Does a dog wag its tail, or does the tail wag the dog? It’s a silly question on the surface, of course, but in a philosophical sense concerning the United States’ Federal Reserve, it’s a question with an unclear answer. The government arm is supposed to maintain the stability of the nation’s economy. In practice though, it certainly seems like the stock market dictates the Fed’s decisions.
The truth of the matter? As usual, it’s somewhere in between the two extreme possibilities. And, also as usual, the truth isn’t a simple one. The stock market is ultimately tethered to the economy, but the economy is also largely driven by wealth created via the market, and by the capital-raising the equity market facilitates.
The Fed’s Official Mandate
Most investors innately understand it, even without explicit knowledge of the official mandate of the Federal Reserve.
Its stated purpose is five-fold. That is, in order to “promote the effective operation of the U.S. economy and, more generally, the public interest, the Federal Reserve…
- conducts the nation’s monetary policy to promote maximum employment, stable prices, and moderate long-term interest rates in the U.S. economy,
- promotes the stability of the financial system and seeks to minimize and contain systemic risks through active monitoring and engagement in the U.S. and abroad,
- promotes the safety and soundness of individual financial institutions and monitors their impact on the financial system as a whole,
- fosters payment and settlement system safety and efficiency through services to the banking industry and the U.S. government that facilitate U.S.-dollar transactions and payments, and
- promotes consumer protection and community development through consumer-focused supervision and examination, research and analysis of emerging consumer issues and trends, community economic development activities, and the administration of consumer laws and regulations.”
Note that nowhere in the mandate is the support of equity prices mentioned. It would be naive to think, however, that the Federal Reserve doesn’t directly play a role in the success (or failure) of the stock market. Indeed, investors tend to hang on every word of an official Fed statement.

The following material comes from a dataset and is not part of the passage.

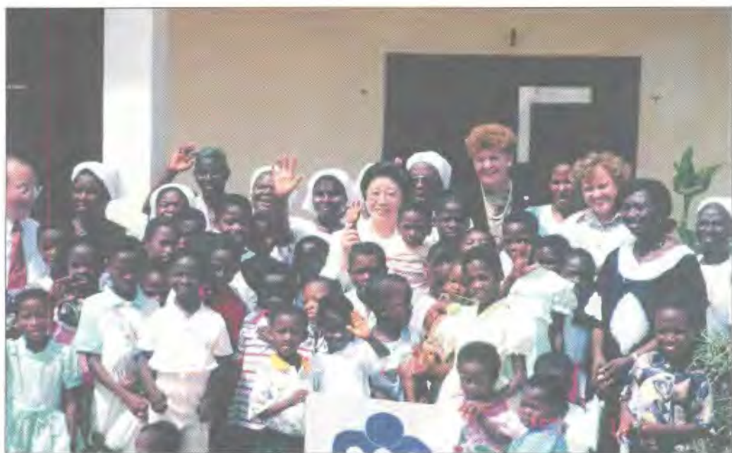
Dr. Hak Ja Han Moon visits a school in Ghana sponsored by the International Relief Friendship Foundation (IRFF), an NGO of which she is chairwoman. IRFF has provided food, medicine and education worldwide for 30 years.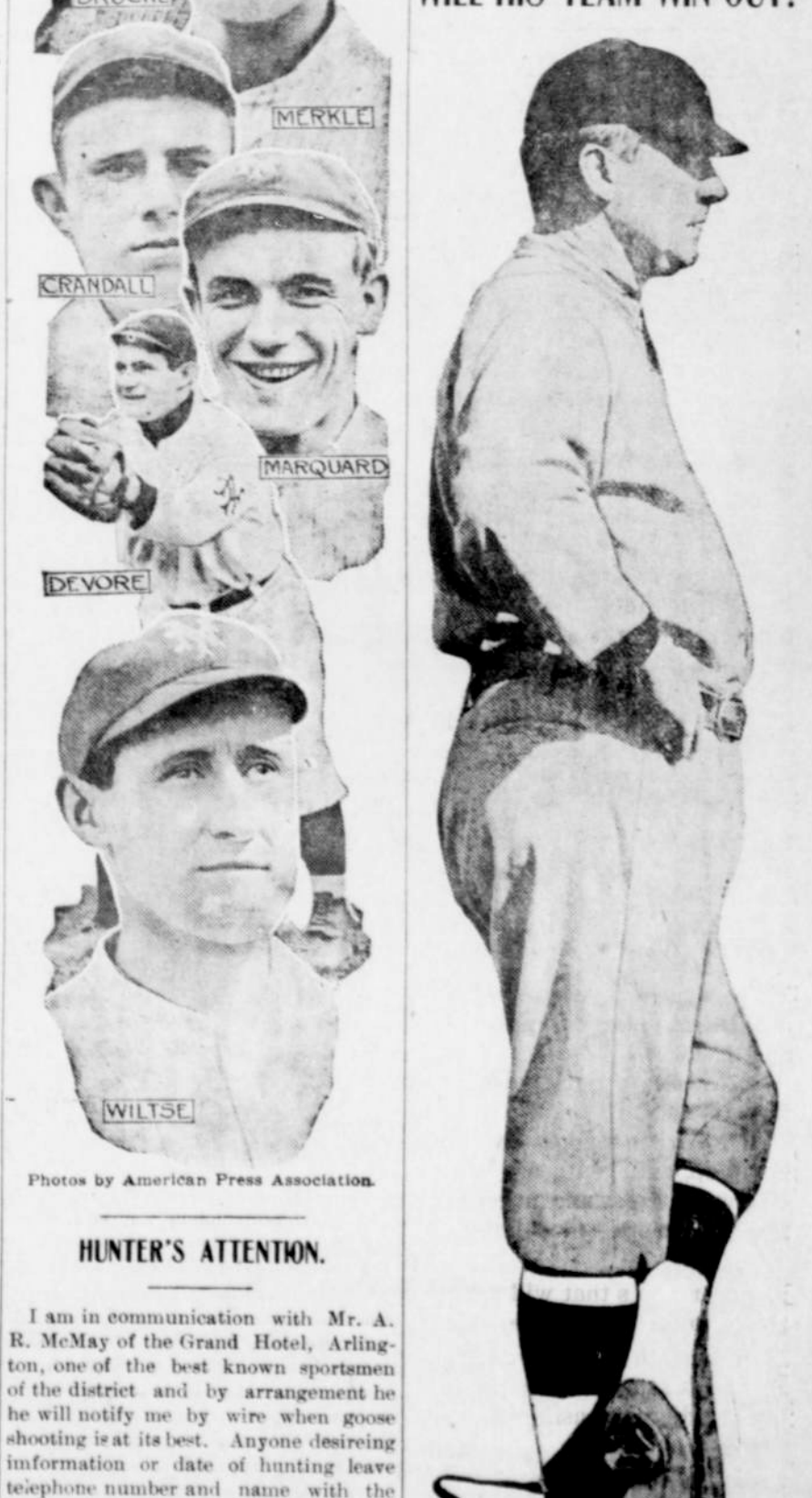
JOHNNY M'GRAW, LEADER OF THE GLANTS.

And it’s investors far more than consumers who closely monitor — and even speculate on — interest rate changes the Fed may impose.
Given the choice, most Federal Reserve governors and the Fed chairman would prefer a little less scrutiny from investors.
Interest rates, which are the Fed’s best tool to throttle the economy up or down to achieve the stability described by its mandate, are only a reflection of the economy’s condition at any given time. Changes in interest rates — and the given rationale behind those changes — are adaptations to a changing economy, intended to foster stability and create an environment where companies can best function. They’re intended to be implemented at such a slow pace that most companies, consumers and even investors shouldn’t even notice these changes.
That’s the theory anyway. The reality is quite different. The reality is, in an effort to gain any sort of “edge,” investors tend to keep the Federal Reserve under a microscope.
It’s not inherently wrong. But, it’s a mindset riddled with pitfalls. Investors often so desperately want to find an edge that they’ll see or hear something the Fed didn’t do, say, or write. Psychologists categorize this sort of thinking as confirmation bias, overfitting and apophenia.
There’s also the not-so-minor reality that, right or wrong, even investors who know not everything the Fed does is important still have to respond to what the majority of traders are doing.
The Last Word on the Federal Reserve
Don’t misread the message. Many investors can — and do — overreact to comments and decisions from the Federal Reserve. But that overreaction tends to be a short-term mania. In the long run, for long-term investors, the Fed can supply a great deal of good information about the true health of the economy, which in turn determines the health of the stock market.
To that end, despite the well-voiced assumptions, rising rates are not inherently bad for stocks, nor are falling interest rates good for the stock market. If anything, the opposite relationship is in place. Rates tend to rise in a robust economy, and rates tend to slump in a poor economy.
Mostly though, there is no strong, corollary relationship between equities and interest rates. Rates are only one small part of a complex equation.